Economists like to point out the humor in the 'double thank you.' As in, when you buy a pizza, and you say "thank you" while the cashier also says "thank you." The truth is, nearly every transaction that occurs in our $36.5 trillion economy is mutually beneficial. You want the pizza more than your money, and the pizza maker wants your money more than the pizza.

Why then is the marketplace often depicted as a combative arena - employee vs. employer, buyer vs. seller, supply vs demand, etc? As Frederic Bastiat illustrates throughout Economic Harmonies, the free market is the most peaceful way to societal advancement. Think back on all of the transactions you have ever made in your life. Now compare those (and the value of those) to how many times you have been cheated. It is amazing that in, what could be argued to be mankind's most complicated creation, the market works nearly harmoniously.

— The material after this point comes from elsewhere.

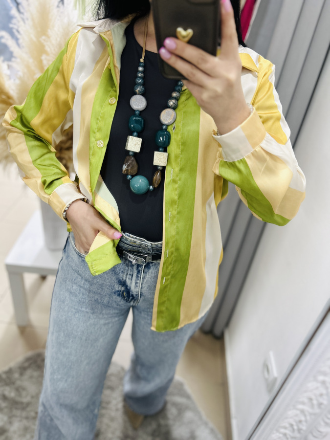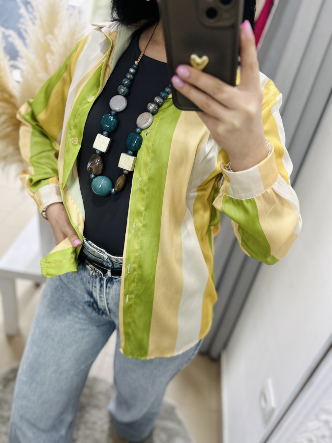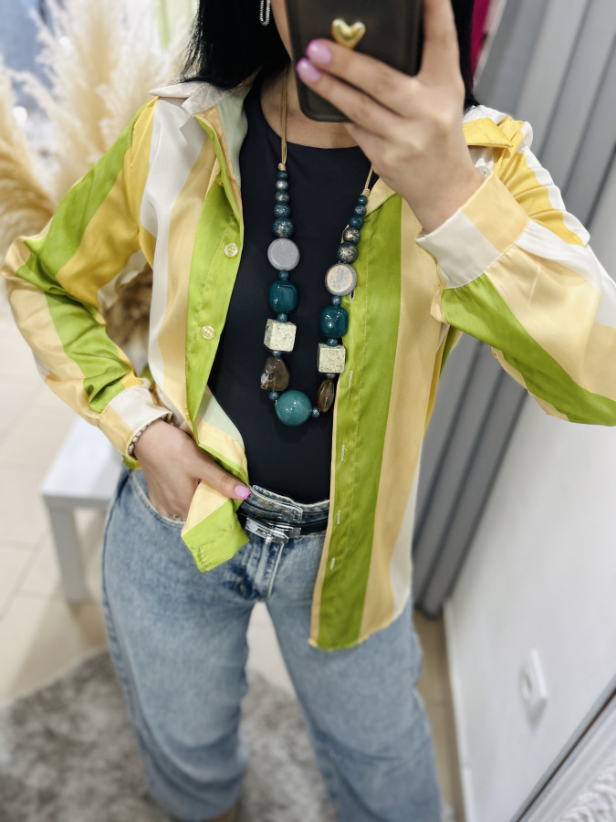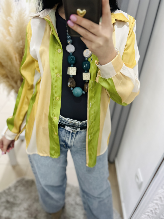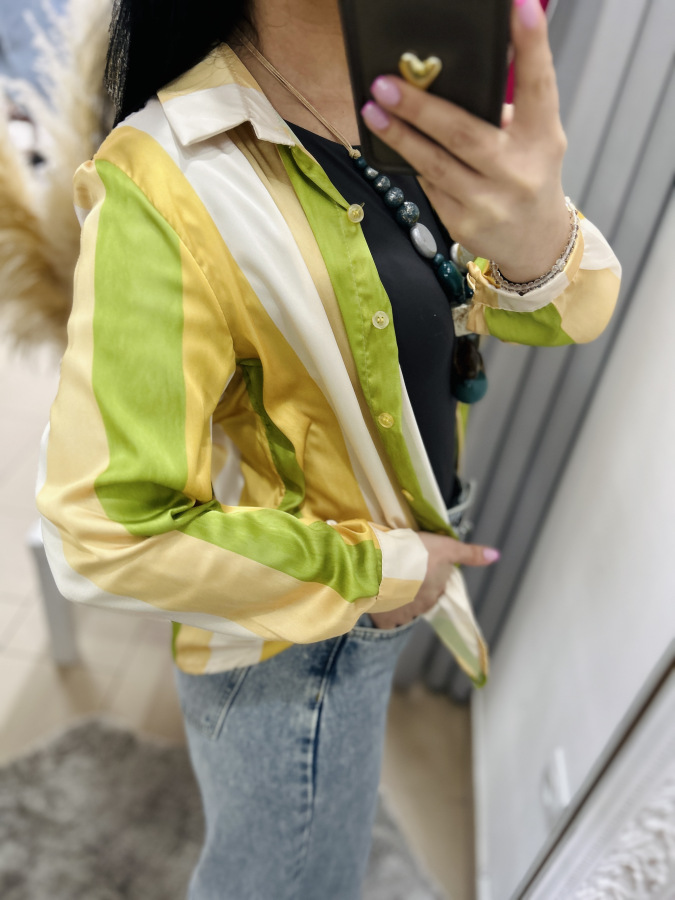 Pruhovaná košeľa s dlhým rukávom, golierom a so zapínaním na gombíky. Veľkosť UNI (S M L)

In this Chapter, Bastiat looks at a main component of a free economy - the roles of both the producer and of the consumer. He illustrates that these are not opposing forces, but combined forces working toward satisfying each others' wants.

The Producer and the Consumer

Exerpt from "Economic Harmonies" by Frederic Bastiat
George B. de Huszar, trans. and W. Hayden Boyers, ed.
Published by: Foundation for Economic Education - Irvington-on-Hudson, New York

In general, we devote ourselves to a trade, a profession, or career from which we do not expect to receive our satisfactions directly. We render and we receive services; we offer and we demand value; we make purchases and sales; we work for others, and others work for us; in a word, we are producers and consumers.

When we go to the market place, we have different, even opposite, points of view, depending on whether we go as consumers or producers. In the case of wheat, for example, the same man does not desire the same thing when he goes as a buyer as when he goes as a seller. As a buyer he hopes for abundance; as a seller, for scarcity. These hopes stem from the same source, self-interest; but as buying or selling, giving or receiving, supplying or demanding, are completely opposite actions, they cannot fail, though they have the same motivation, to give rise to conflicting desires.

Desires that clash cannot both simultaneously coincide with the general welfare. In another work I have tried to show that men's desires as consumers are the ones that are in harmony with the public interest, and it cannot be otherwise. Since satisfaction is the end and purpose of labor, since the amount of labor depends solely upon the obstacles it encounters, it is clear that labor is the evil, and that everything should be done to lessen it, while satisfaction is the boon, and that everything should be done to increase it.